Non-conforming interfaces allow the usage of non-matching, interacting grids connected by an interface. In the following explanation the Nitsche method [^1] is presented, because it more robust in practical applications [^2]. For a detailed deriviation look into [^1] and [^2].

a

Consequently, non-conforming interfaces allow to use different meshes in the same simulation, as shown in the above figure. Both domains, \Omega_1 and \Omega_2 exist of different grids and are connected by the non-conform interface \Gamma_I. This is especially interesting if different materials are taken into account while a coupled simulation is performed. Furthermore, they are used for simulate rotating structures (for more details look into Features -> Rotating Interfaces) [^3].
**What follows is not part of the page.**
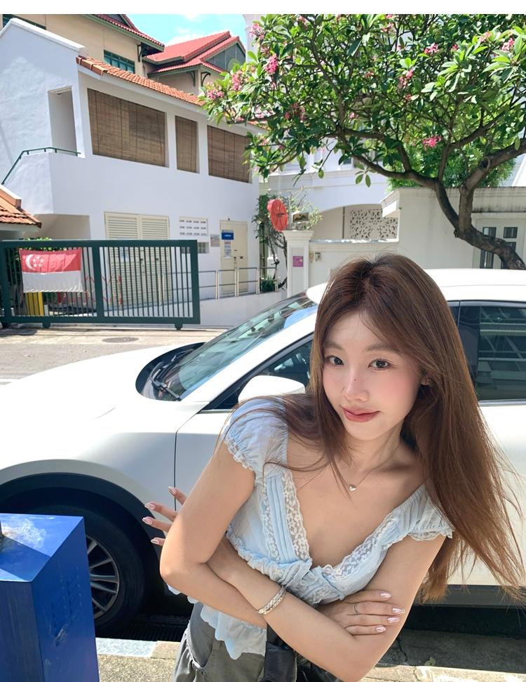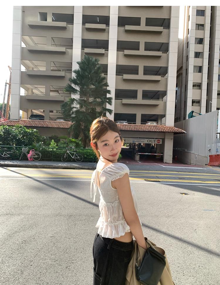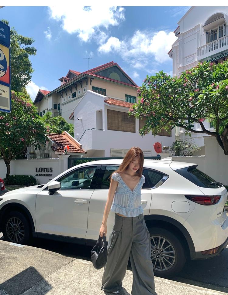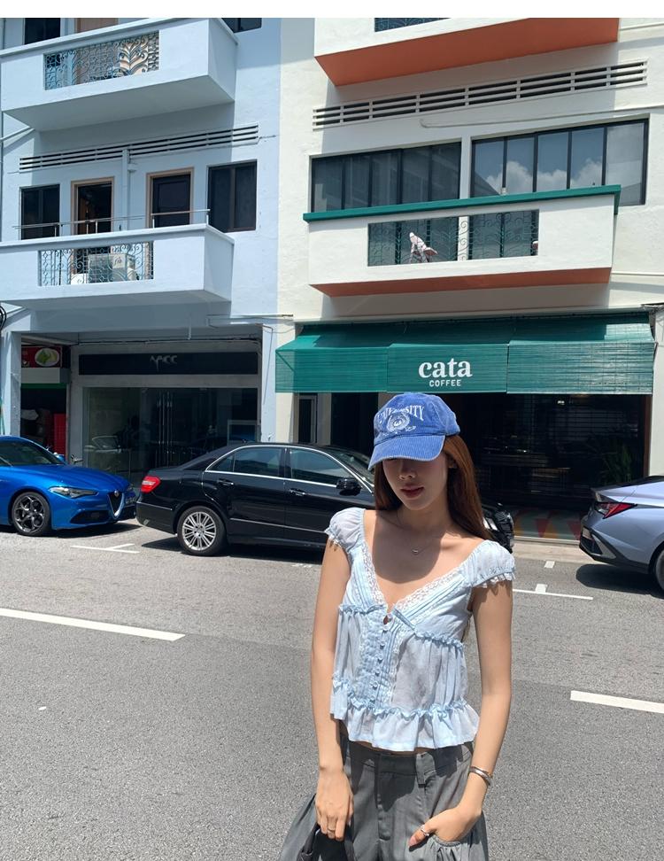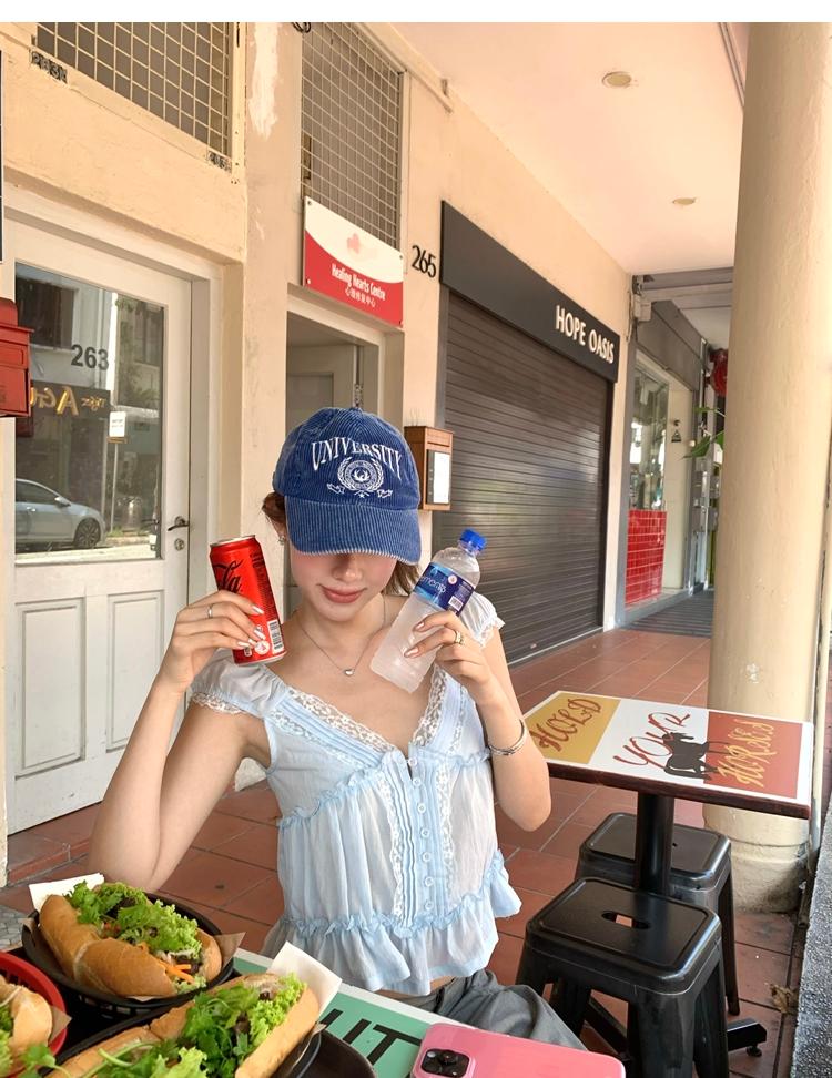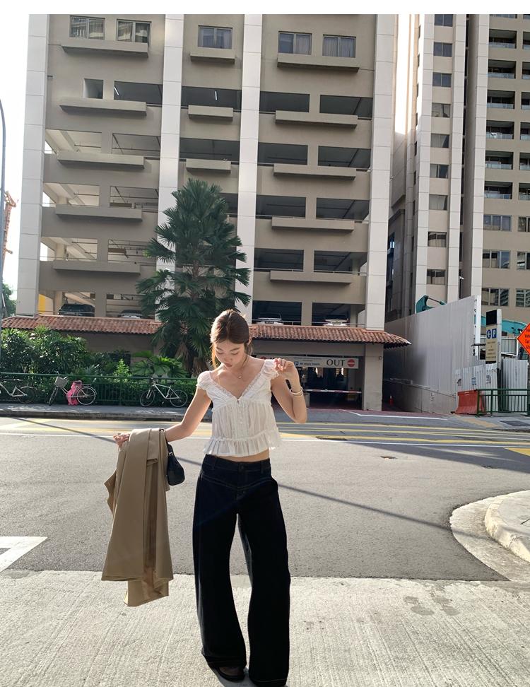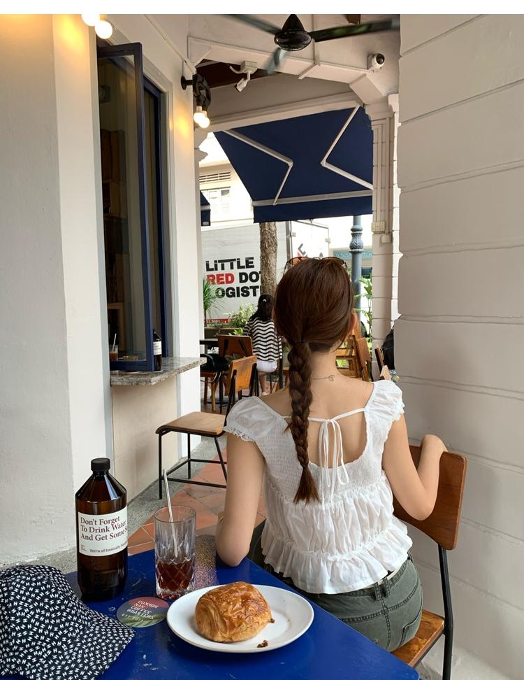 Delicate French lace V-neck back clear lotus leaf edges Top

For defining a non-conform interface first the surfaces, that are part of the interface, have to be defined

  <domain geometryType="plane">
    <surfRegionList>
      <surfRegion name="innerR" />
      <surfRegion name="outerR" />
    </surfRegionList>
  </domain>

In a second step the actual interface has to be established

  <domain geometryType="plane">
    <surfRegionList>
      <surfRegion name="innerR" />
      <surfRegion name="outerR" />
    </surfRegionList>

    <ncInterfaceList>
      <ncInterface name="ncR" masterSide="outerR" slaveSide="innerR"/>
    <ncInterfaceList>    
  </domain>

Those two steps establish the interface of the domain. Now, we have to establish the formulation of the interface

    <pdeList>
      <acoustic formulation="acouPressure">
        <ncInterfaceList>
          <ncInterface name="ncR" nitscheFactor="100" formulation="Nitsche"/>
        </ncInterfaceList>      
      </acoustic>
    </pdeList>

The nitscheFactor is only avaiable for non-conforming interfaces type Nitsche and defines the weighting of the coupling of the two domains \Omega_1 and \Omega_2. This factor has no major impact in the range of 20 - 100 [^2]. A rather high value correlates with a strong coupling, with from a physical point of few is good, but makes the interface numerically instable. On the other hand, a low nitscheFactor is numerically more stable, but can make the coupling unphysical.